Desta forma, ao buscar a tributação de parcela dos “resultados dos negócios” dos prestadores de serviços internacionais não situados no Brasil como se fossem “renda passiva” destes estrangeiros, o fisco brasileiro acabava por incorrer em flagrante ilegalidade ao determinar a tributação de tais valores no caso das remessas para pagamentos de serviços feitas por empresas brasileiras a seus prestadores de serviços sediados em um dos 28 países com os quais o Brasil mantém tratado para evitar a dupla tributação da renda, fator que levou algumas empresas brasileiras, na qualidade de responsáveis pela retenção e pagamento do imposto e, em última instância quem arcava com o ônus da cobrança destes impostos, a buscar nos tribunais a proteção ao seu direito de não reter na fonte imposto no caso destes pagamentos.

Em matéria de Direito Internacional Tributário tais convenções são entendidas como normas especiais em relação às normas genéricas de direito interno, razão pela qual suas disposições, conforme farta jurisprudência já consagrada pelo Superior Tribunal de Justiça e pelo Egrégio Supremo Tribunal Federal, se aplicam em detrimento das normas de direito interno nos casos por elas regulados.

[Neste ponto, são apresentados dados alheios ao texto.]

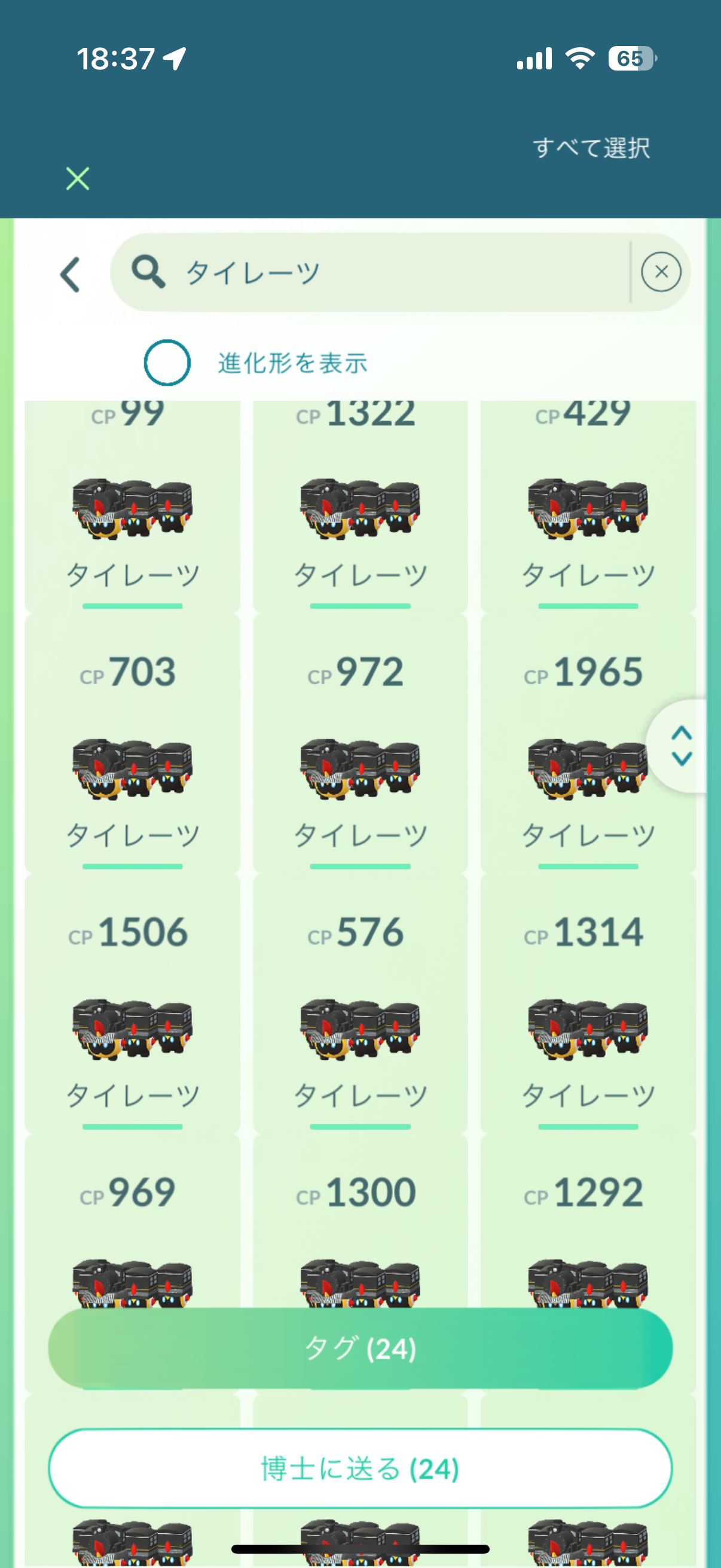 ▲任意の条件で絞り込んだポケモンにまとめてタグをつければ、博士に送るポケモンだけを簡単に抽出可能となるので、あとは全選択で博士に送るのみとなります。

Destarte, a decisão em comento representou um marco no âmbito da tributação mundial da renda das empresas transnacionais que prestam serviços a pessoas jurídicas no Brasil, pois sinalizou que o Poder Judiciário está disposto a fazer valer as normas de Direito Internacional consagradas e ratificadas pelo nosso ordenamento local, tudo em homenagem à legalidade e a soberania que devem pautar as relações internacionais firmadas e mantidas pela República Federativa do Brasil.